Generation of human monoclonal antibodies reactive with cellular antigens.

Abstract
Human lymphocytes from lymph node, peripheral blood, spleen and tumor specimens were fused with the LICR-LON-HMy2 (LICR-2) [human lymphoblastoid cells]) or SKO-007 human [myeloma] cell lines or the NS-1 mouse myeloma line. Over 75 fusions with the 3 myeloma-lymphoblastoid lines were performed. Several factors appeared to improve the fusion outcome, including maintenance of the myeloma-lymphoblastoid lines in logarithmic phase growth at .gtoreq. 95% viability, a delay of 24 h in the introduction of aminopterin to the fused cells and preselection of the fetal calf serum used in the medium. For a given number of lymphocytes, fusions with NS-1 produced 5-20 times more clones than fusions with LICR-2 or SKO-007, and LICR-2 produced 4 times as many clones as SKO-007. The percentage of clones secreting human Ig, the range of Ig production, and the proportion of IgM, IgA and IgG secretors were comparable for clones derived from the 3 myeloma-lymphoblastoid lines.
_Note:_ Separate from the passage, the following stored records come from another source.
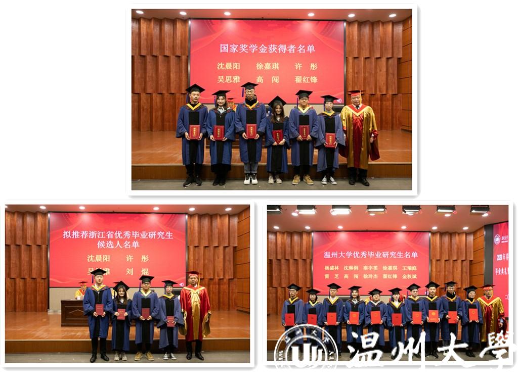 校党委庄兴忠副书记宣读了小宝影院 优秀毕业研究生名单、拟推荐浙江省优秀毕业研究生名单和国家奖学金获奖者名单,校领导为20名获奖同学颁奖并合影留念。
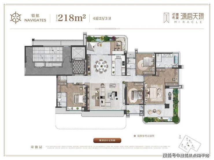 建面约221㎡户型 ,类独梯入户+约6㎡电梯厅,给足归家仪式感;约91㎡LDKG无界社交厅,容纳峯层生活;享南北环绕式双空中花园或独享南向超大空中花园,让自然成为生活的底色。
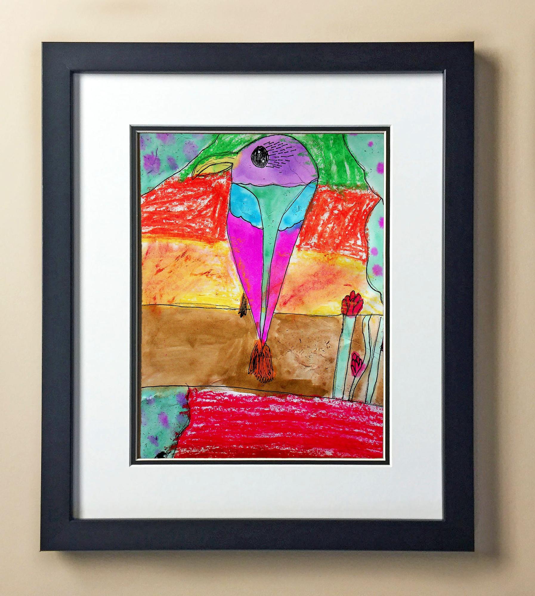 Included with the purchase is the Students Artwork, Frame, double matboard, shatter proof plexiglass, and a ready to hang backerboard with turnbuttons

Stable Ig-secreting clones were isolated with approximately equal frequency from LICR-2 and NS-1 fusions. A number of stable clones producing human monoclonal antibodies reacting with cell-surface, cytoplasmic or nuclear antigens were isolated from tumor-bearing patients and normal individuals. A surface antigenic system present on normal and malignant cells was defined with a human monoclonal antibody derived from a patient with breast cancer. Techniques for producing human monoclonal antibody now appear to be sufficiently advanced to initiate a serological dissection of the humoral immune response to cancer.